De ervaringen van de afgelopen jaren hebben geleerd – dat zei ik al in de inleiding van mijn beantwoording – dat hoewel de criminaliteit over het geheel genomen is teruggelopen, juist het punt van de overlast helaas die positieve ontwikkelingen nog niet, of in ieder geval nog niet in die mate, laat zien. Wij houden uiteraard regelmatig contact met de Veiligheidshuizen. Tot nu toe is er de rapportage in het kader van het project Veiligheid begint bij Voorkomen geweest. Die heb ik met enige regelmaat aan het parlement doen toekomen. Het was een project voor deze kabinetsperiode. Dat wordt dus afgesloten nu deze kabinetsperiode vervroegd wordt afgesloten. Er zal echter ongetwijfeld – ik denk dat ik in dit opzicht niet op een ongewenste manier vooruitloop op wat het nieuwe kabinet te doen staat – een nieuw programma komen ter bestrijding van overlast en criminaliteit in de openbare ruimte. Daar kan niemand aan twijfelen. Als ik het politieke spectrum in deze Kamer zie, dat weliswaar niet zo breed is als dat in de Tweede Kamer, denk ik dat er geen twijfel over kan bestaan dat dit deel uitmaakt van een nieuw kabinetsprogramma. Dat betekent dat, net zoals bij het project Veiligheid begint bij Voorkomen het geval is geweest, ook periodiek zal moeten worden gerapporteerd over de ontwikkelingen op dit terrein. Het lijkt mij goed, passend en voor de hand liggend dat het monitoren waar de heer De Vries over sprak daar deel van uit maakt.

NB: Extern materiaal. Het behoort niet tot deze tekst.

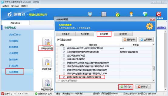 在功能導(dǎo)航窗點(diǎn)擊“系統(tǒng)管理”—》“系統(tǒng)參數(shù)配置”,“業(yè)務(wù)參數(shù)”中勾選啟用參數(shù)“業(yè)務(wù)單據(jù)價(jià)格參數(shù)”中的“銷售出庫單引用采購入庫單不引用價(jià)格”,保存參數(shù)設(shè)置。如下圖所示:

De heer De Vries (PvdA): Ik ben blij met deze toezegging van de minister. Het lijkt mij ook van belang in het licht van de constante stroom van informatie die betrokkenen toch met elkaar zullen willen uitwisselen. Als de minister met de VNG tot een nadere invulling komt van wat er gedaan kan en moet worden op basis van deze wet, is het toch van belang dat men daar aan gewend raakt en met elkaar ervaringen uitwisselt. Ik denk dat het monitoren daarin een heel nuttige functie kan vervullen.